▶ [What is expected]
Starting at the line that contains "アフガニスタンの伝統を受け継" and stopping after the line that contains "This is a lovely", transcribe the listing below exactly; do not include any pictures.

[[ Exercise materials, beginning ]]

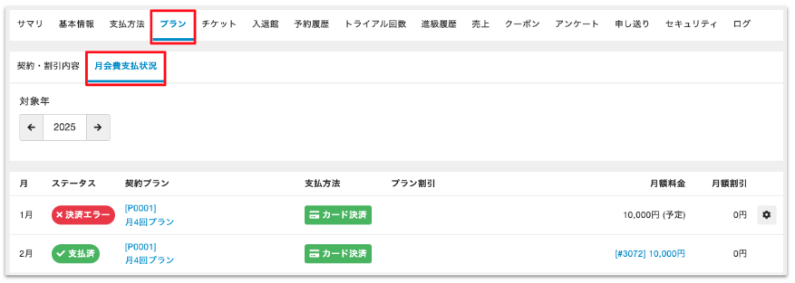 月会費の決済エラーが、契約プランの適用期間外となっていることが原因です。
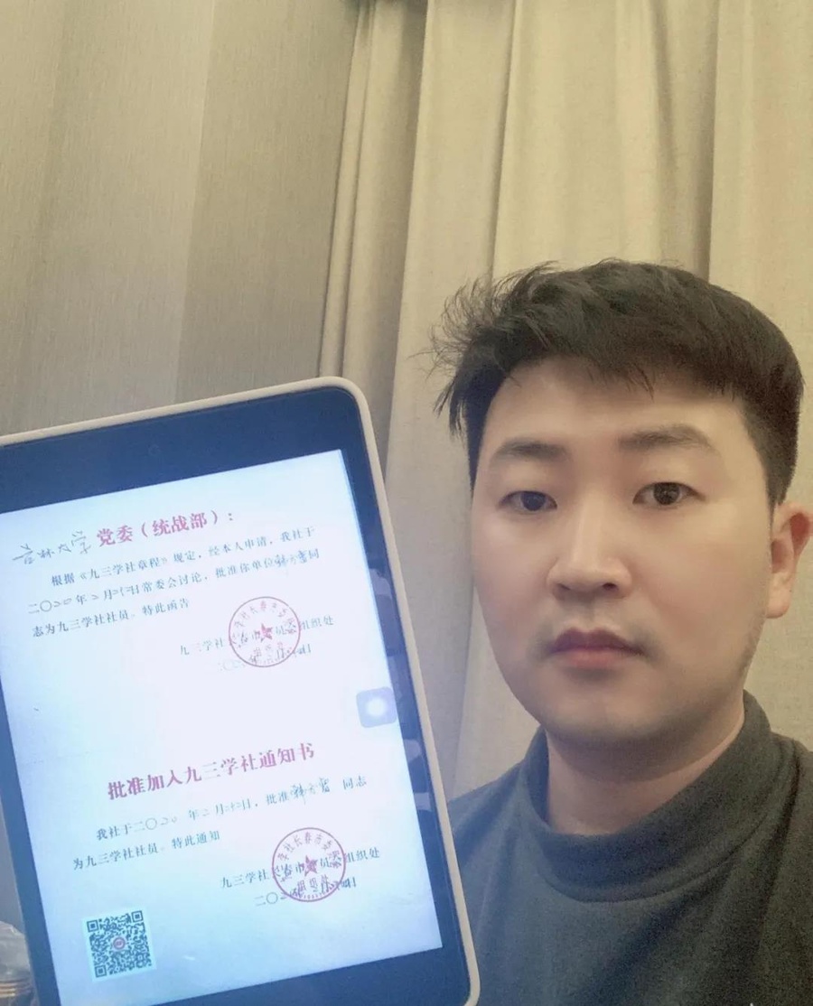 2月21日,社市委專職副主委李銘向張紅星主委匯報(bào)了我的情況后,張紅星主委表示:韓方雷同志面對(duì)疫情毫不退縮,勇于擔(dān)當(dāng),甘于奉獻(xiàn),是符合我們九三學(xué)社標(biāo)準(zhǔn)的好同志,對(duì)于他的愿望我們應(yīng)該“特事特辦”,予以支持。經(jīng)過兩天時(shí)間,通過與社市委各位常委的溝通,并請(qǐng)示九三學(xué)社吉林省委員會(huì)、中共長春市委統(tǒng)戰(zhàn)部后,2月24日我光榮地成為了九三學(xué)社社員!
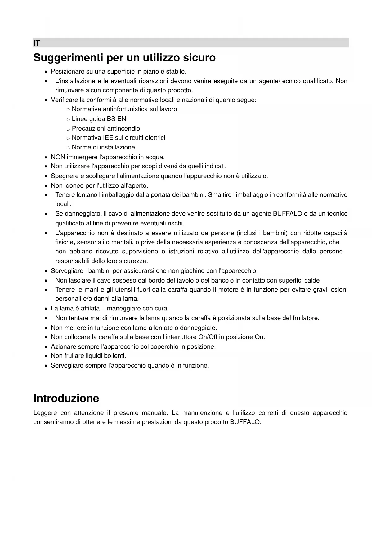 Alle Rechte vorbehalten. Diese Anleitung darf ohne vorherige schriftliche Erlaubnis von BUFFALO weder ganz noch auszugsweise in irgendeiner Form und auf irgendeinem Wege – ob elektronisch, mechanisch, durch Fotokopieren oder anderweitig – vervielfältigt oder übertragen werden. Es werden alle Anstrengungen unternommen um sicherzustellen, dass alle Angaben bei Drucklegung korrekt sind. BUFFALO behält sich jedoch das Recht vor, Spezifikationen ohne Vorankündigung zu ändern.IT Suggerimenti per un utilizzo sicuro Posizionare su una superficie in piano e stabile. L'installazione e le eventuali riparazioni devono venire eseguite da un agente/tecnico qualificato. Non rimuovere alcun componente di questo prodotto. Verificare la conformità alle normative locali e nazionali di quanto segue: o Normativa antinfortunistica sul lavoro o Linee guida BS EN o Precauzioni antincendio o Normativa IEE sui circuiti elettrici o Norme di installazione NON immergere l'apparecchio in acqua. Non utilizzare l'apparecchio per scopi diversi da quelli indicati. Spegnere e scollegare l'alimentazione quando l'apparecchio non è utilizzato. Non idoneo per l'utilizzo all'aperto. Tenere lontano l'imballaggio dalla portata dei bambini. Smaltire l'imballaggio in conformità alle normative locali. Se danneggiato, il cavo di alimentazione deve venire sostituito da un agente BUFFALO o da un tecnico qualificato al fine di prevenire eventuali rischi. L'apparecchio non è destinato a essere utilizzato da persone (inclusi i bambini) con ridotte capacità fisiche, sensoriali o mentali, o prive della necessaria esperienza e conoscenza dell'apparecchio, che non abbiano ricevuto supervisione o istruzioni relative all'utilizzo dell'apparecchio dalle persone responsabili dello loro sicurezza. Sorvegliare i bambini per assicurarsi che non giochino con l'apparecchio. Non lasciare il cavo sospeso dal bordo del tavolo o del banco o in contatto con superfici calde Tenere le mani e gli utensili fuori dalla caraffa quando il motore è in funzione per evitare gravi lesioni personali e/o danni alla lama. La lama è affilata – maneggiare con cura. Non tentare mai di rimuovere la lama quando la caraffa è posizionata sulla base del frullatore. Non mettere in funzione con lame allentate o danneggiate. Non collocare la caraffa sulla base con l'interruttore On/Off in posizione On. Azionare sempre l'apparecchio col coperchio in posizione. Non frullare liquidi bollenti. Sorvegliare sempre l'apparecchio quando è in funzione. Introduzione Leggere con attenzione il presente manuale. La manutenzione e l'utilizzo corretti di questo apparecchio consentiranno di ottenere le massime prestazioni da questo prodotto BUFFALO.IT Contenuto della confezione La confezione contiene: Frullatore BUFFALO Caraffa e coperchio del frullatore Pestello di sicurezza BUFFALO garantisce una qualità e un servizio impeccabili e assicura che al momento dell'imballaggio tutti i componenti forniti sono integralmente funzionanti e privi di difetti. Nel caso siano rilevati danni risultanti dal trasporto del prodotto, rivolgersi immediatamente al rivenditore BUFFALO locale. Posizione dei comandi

[[ Exercise materials, end ]]
[[ Exercise materials, beginning ]]

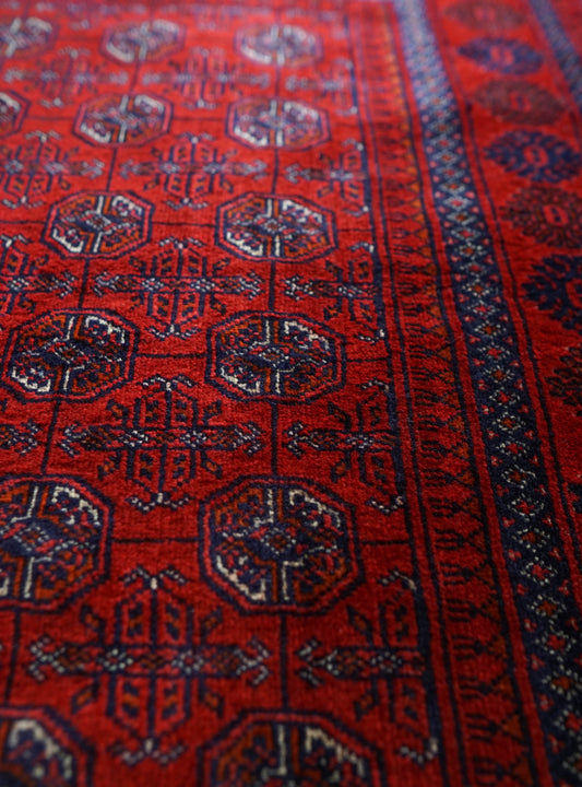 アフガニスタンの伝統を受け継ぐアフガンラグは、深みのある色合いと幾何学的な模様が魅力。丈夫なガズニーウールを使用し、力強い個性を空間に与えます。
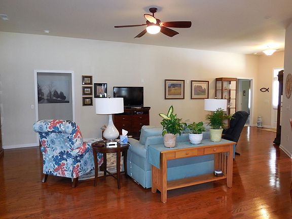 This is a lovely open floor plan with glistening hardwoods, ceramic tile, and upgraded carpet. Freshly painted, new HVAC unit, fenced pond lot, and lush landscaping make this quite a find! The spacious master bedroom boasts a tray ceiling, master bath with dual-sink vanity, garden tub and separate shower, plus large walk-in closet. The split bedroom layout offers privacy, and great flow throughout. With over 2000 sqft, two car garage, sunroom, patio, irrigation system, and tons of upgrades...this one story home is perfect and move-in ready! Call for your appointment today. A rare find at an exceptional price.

[[ Exercise materials, end ]]
[[ Exercise materials, beginning ]]

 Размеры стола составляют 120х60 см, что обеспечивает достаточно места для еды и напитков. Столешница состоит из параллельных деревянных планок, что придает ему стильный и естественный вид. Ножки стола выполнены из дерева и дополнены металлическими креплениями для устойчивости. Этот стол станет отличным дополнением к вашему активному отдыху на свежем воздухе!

[[ Exercise materials, end ]]

▶ [Answer section]
 アフガニスタンの伝統を受け継ぐアフガンラグは、深みのある色合いと幾何学的な模様が魅力。丈夫なガズニーウールを使用し、力強い個性を空間に与えます。
 This is a lovely open floor plan with glistening hardwoods, ceramic tile, and upgraded carpet. Freshly painted, new HVAC unit, fenced pond lot, and lush landscaping make this quite a find! The spacious master bedroom boasts a tray ceiling, master bath with dual-sink vanity, garden tub and separate shower, plus large walk-in closet. The split bedroom layout offers privacy, and great flow throughout. With over 2000 sqft, two car garage, sunroom, patio, irrigation system, and tons of upgrades...this one story home is perfect and move-in ready! Call for your appointment today. A rare find at an exceptional price.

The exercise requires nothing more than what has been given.